Волосы, выскальзывающие из-под шапочки, не пышные, какого-то неопределённого цвета, темноватые, в скупых космах спадали на лоб и шею. С этим белым лицом и рука ми одежда не очень сочеталась, потому что была слишком измятой, выцветшей и убогой. Ткань, во многих местах потерявшая цвет, светилась белыми нитями. Длинные полы сутаны не закрывали ног, на которых простые башмаки с чуть задранными носами, без украшений и шнурков, какие в то время носили, были заржавевшие и потрескавшиеся.
Кожаный поясок охватывал его бёдра, а рядом с ним с одной стороны был жалкий маленький дорожный меч в простых ножнах из грязной кожи, с другой стороны висела тоболька, прикреплённая на пуговицах, какую использовали писари в дороге.
Уже начинало смеркаться, когда лодка врылась носом в береговой песок, закачалась и остановилась. Стоявший сзади лодочник огромной палкой вытолкнул её на сушу так, чтобы можно было вылезти из неё, не замочив ног.
Эта неожиданная тряска, которая прервала думы путника, вынудила его также встать на ноги. Он схватил епанчу, отряхивая её от травы и соломы, которые к ней прилипли, поправил шапку, оттянул пояс, посмотрел на дно лодки, словно там ещё что-то искать, и, о чём-то пошептавшись с людьми, начал выбираться на берег.
Перевозчики поглядывали на него наполовину с каким-то уважением, наполовину с некоторой опаской.
Когда он встал, оказался невзрачной, худощавой фигуркой, длинные руки и ноги которой, конусообразная головка, посаженная на тонкую шею, немного сгорбленная спина делали внешность особенной.
Когда он поднялся, задумчивое лицо пробудилось, глаза начали бегать живее, а трудно было угадать, радовался ли он прибытию, грустил или беспокоился им.
Он довольно ловко выскочил из лодки на берег, а так как, вероятно, он тут гостил не первый раз, бросив взгляд вправо и влево, сразу разглядел неподалёку тропинку, которая между оградами двух садов поднималась в гору.
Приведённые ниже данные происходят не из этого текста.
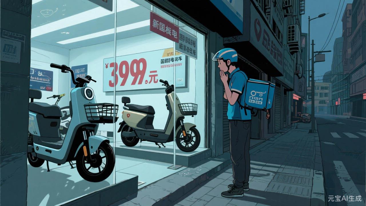 一位在北京跑了三年外卖的骑手站在车行前,指着标价2980元的旧国标车问销售:"这车还能上牌多久?"他盘算着,如果新车要4000元,相当于他送近500份外卖的利润。

Он не нуждался в проводнике и вряд ли его бы здесь нашёл в эту пору.
Огороды были пусты, потому что репу и другие овощи в них выкопали, кое-где валялись только сухие стебли, поломанные жерди, вырванные сорняки.
Дорожка к реке, вытоптанная рыбаками, вела почти напрямик в предместье, разложившееся под стенами.
А так как в посаде путник задерживаться не думал, добравшись до верха, он должен был довольно долго пробираться между халупами, крытыми соломой и черепицей, дальше узкими и крутыми улочками, прежде чем добрался до городских ворот.
Они стояли ещё открытыми, даже стражи при них не было; только что пастухи пригнали скот с пастбища и на улице, которая вела от городских ворот к замку, ещё мож-но было увидеть запоздавших коров, медленным шагом направляющихся к знакомым им домам… Некоторые стояли у ворот и мычанием напоминали о том, чтобы их впустили в дом.
На улице, кроме пастушков, скота, девушек, которые с полными вёдрами проскальзывали с одних дворов на другие, мало видно было людей.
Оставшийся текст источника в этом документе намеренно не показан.